Most of the implementations of the algorithm to find the closest pair of points in the plane that I've seen online have one of two deficiencies: either they fail to meet an O(nlogn) runtime, or they fail to accommodate the case where some points share an x-coordinate. Is a hash map (or equivalent) required to solve this problem optimally?
Roughly, the algorithm in question is (per CLRS Ch. 33.4):
This has some tricky edge cases. One way people deal with this is sorting the strip of points of distance d from the dividing line at every recombination step (e.g. here), but this is known to result in an O(nlog2n) solution.
Another way people deal with edge cases is by assuming each point has a distinct x-coordinate (e.g. here): note the snippet in closestUtil which adds to Pyl (or YL as we call it) if the x-coordinate of a point in Y is <= the line, or to Pyr (YR) otherwise. Note that if all points lie on the same vertical line, this would result us writing past the end of the array in C++, as we write all n points to YL.
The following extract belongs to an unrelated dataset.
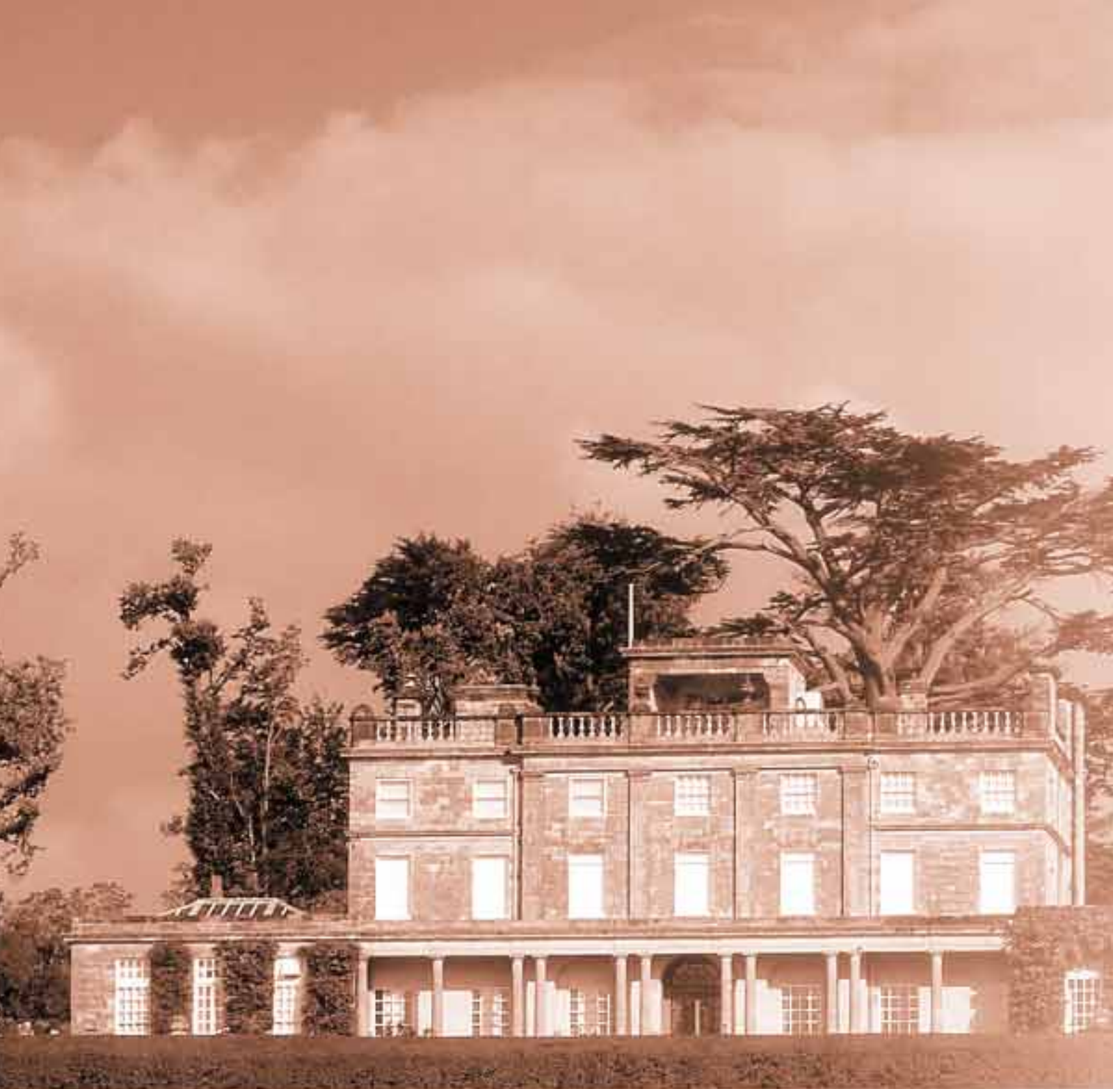
Saint Hill Manor i Sussex, England var L. Ron Hubbards hjem fra 1959 til 1966. Saint Hill blev også anvendt som Scientologi Kirkens internationale uddannelses- og administrationshovedkvarter.

So the tricky bit when points can have the same x-coordinate is dividing the points in Y into YL and YR depending on whether a point p in Y is in XL or XR. The pseudocode in CLRS for this is (edited slightly for brevity):
for i = 1 to Y.length
if Y[i] in X_L
Y_L.length = Y_L.length + 1;
Y_L[Y_L.length] = Y[i]
else Y_R.length = Y_R.length + 1;
Y_R[Y_R.length] = Y[i]
However, absent of pseudocode, if we're working with plain arrays, we don't have a magic function that can determine whether Y[i] is in X_L in O(1) time. If we're assured that all x-coordinates are distinct, sure - we know that anything with an x-coordinate less than the dividing line is in XL, so with one comparison we know what array to partition any point p in Y into. But in the case where x-coordinates are not necessarily distinct (e.g. in the case where they all lie on the same vertical line), do we require a hash map to determine whether a point in Y is in XL or XR and successfully break down Y into YL and YR in O(n) time? Or is there another strategy?
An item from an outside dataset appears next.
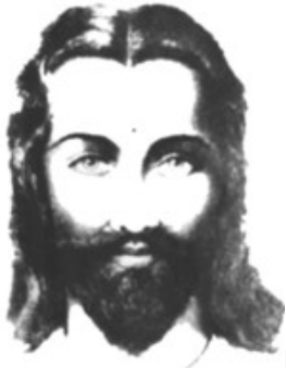
Maitreya El Señor

Yes, there are at least two approaches that work here.
The first, as Bing Wang suggests, is to apply a rotation. If the angle is sufficiently small, this amounts to breaking ties by y coordinate after comparing by x, no other math needed.
The second is to adjust the algorithm on G4G to use a linear-time partitioning algorithm to divide the instance, and a linear-time sorted merge to conquer it. Presumably this was not done because the author valued the simplicity of sorting relative to the previously mentioned algorithms in most programming languages.